Nowadays, I think the easier solution would be to have your phone call over
the company’s WiFi network. It wouldn’t be surprising if there were solutions
that would give callers the illusion your mobile had two numbers, so that your
caller ID shows your ‘landline’ number when you’re calling from your office.

------
mytailorisrich
This would require a DECT RF, baseband, and stack module in your mobile phone.

That's way too niche for anyone to spend developing on special mobile phone
model for that, and it would make no point to integrate this by default.
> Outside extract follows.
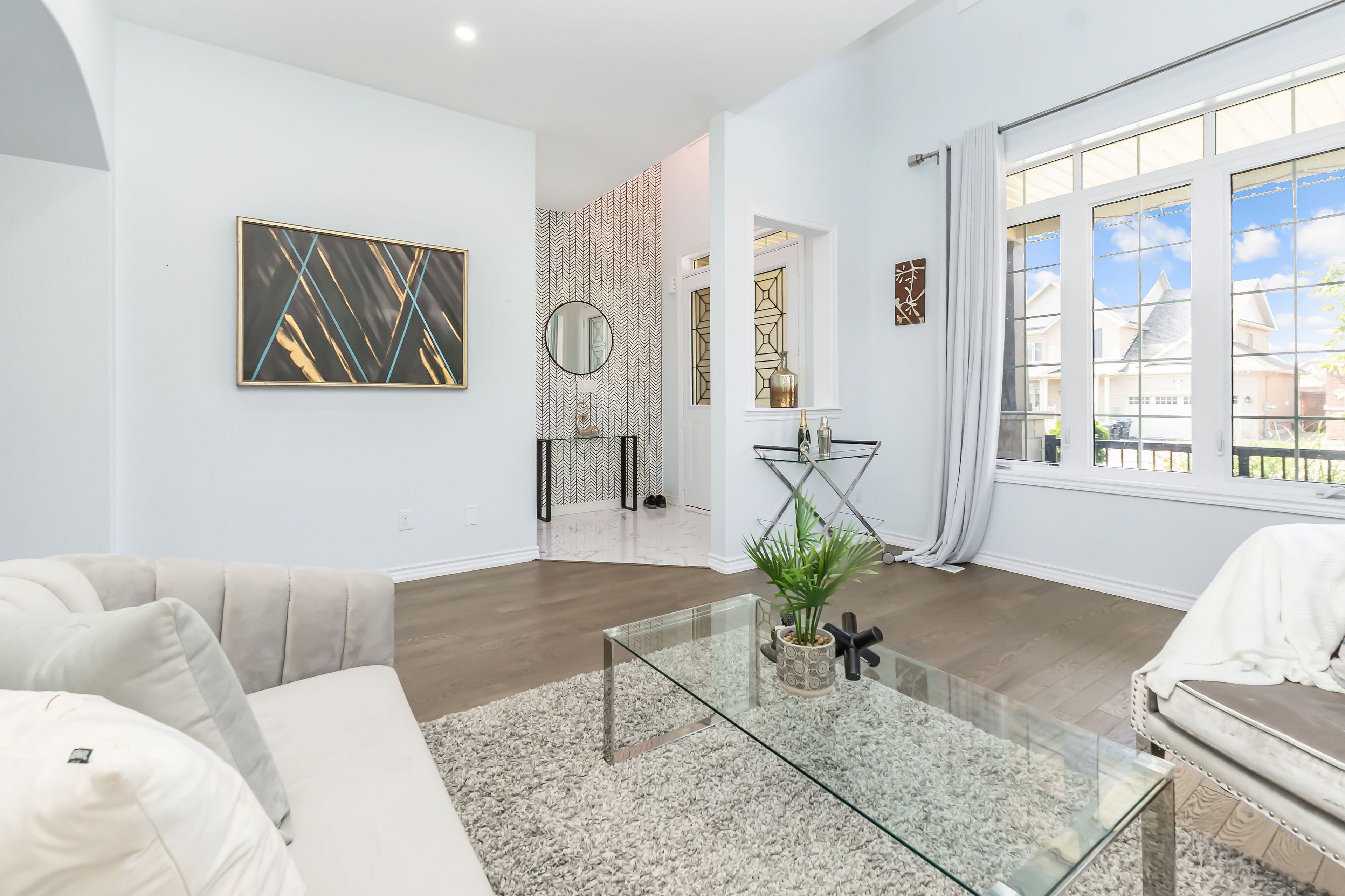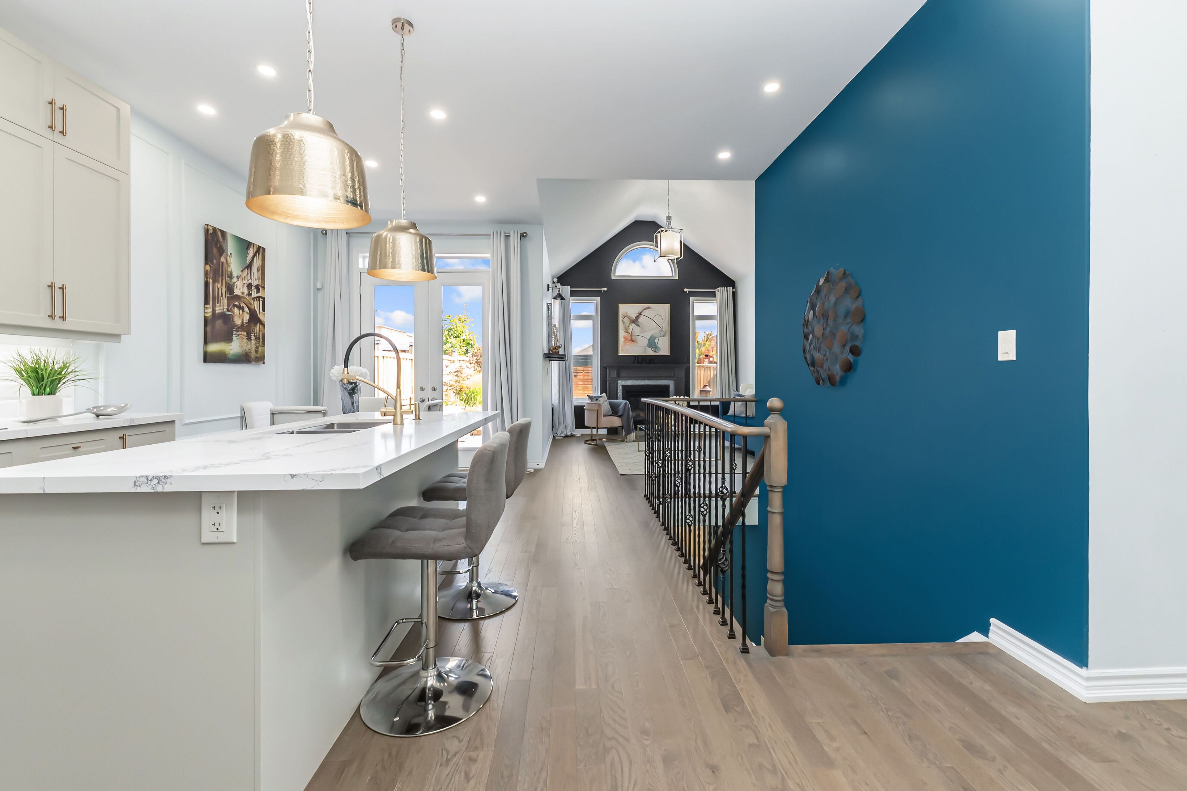 • Main level boasts vaulted ceilings and oversized windows for natural light.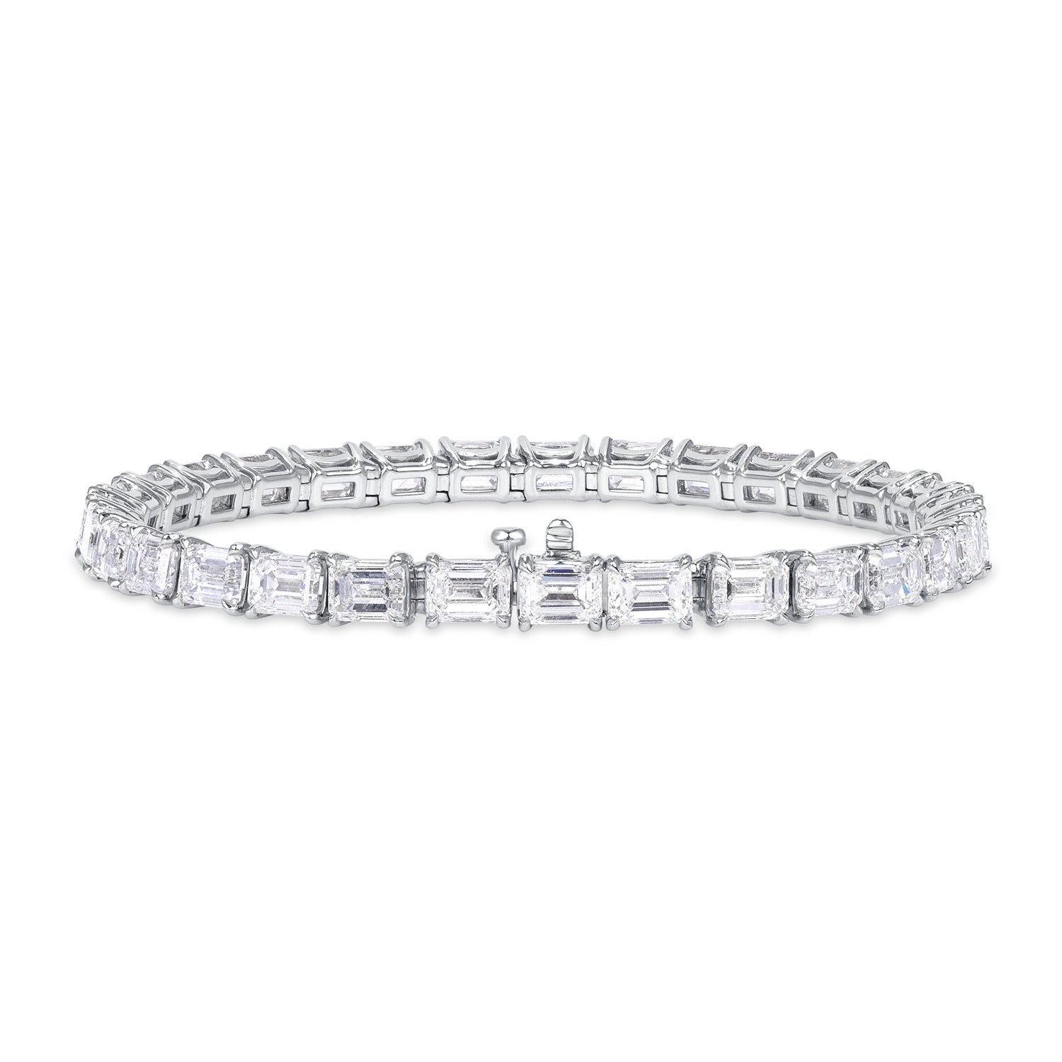 What sets this bracelet apart is its unique design, where each diamond is set horizontally, alternating between facing east and west. This innovative orientation creates a dynamic and eye-catching pattern that adds a contemporary twist to the timeless tennis bracelet style.

You could have a picocell so that you could connect your mobile phone to your
company's phone network. I believe that there are a few such products on the
market.

The 'good' solution is not to bother with a DECT phone and to simply route
everything to your company mobile phone.

------
Gibbon1
I think DECT uses narrow band GFSK modulation. And on a different set of bands
than cellular. So I think quite a bit different radio design. I think now days
you could make it work. But the answer is probably in you comment that cell
phones and DECT phones are made by different companies.

------
1e10
What is DECT?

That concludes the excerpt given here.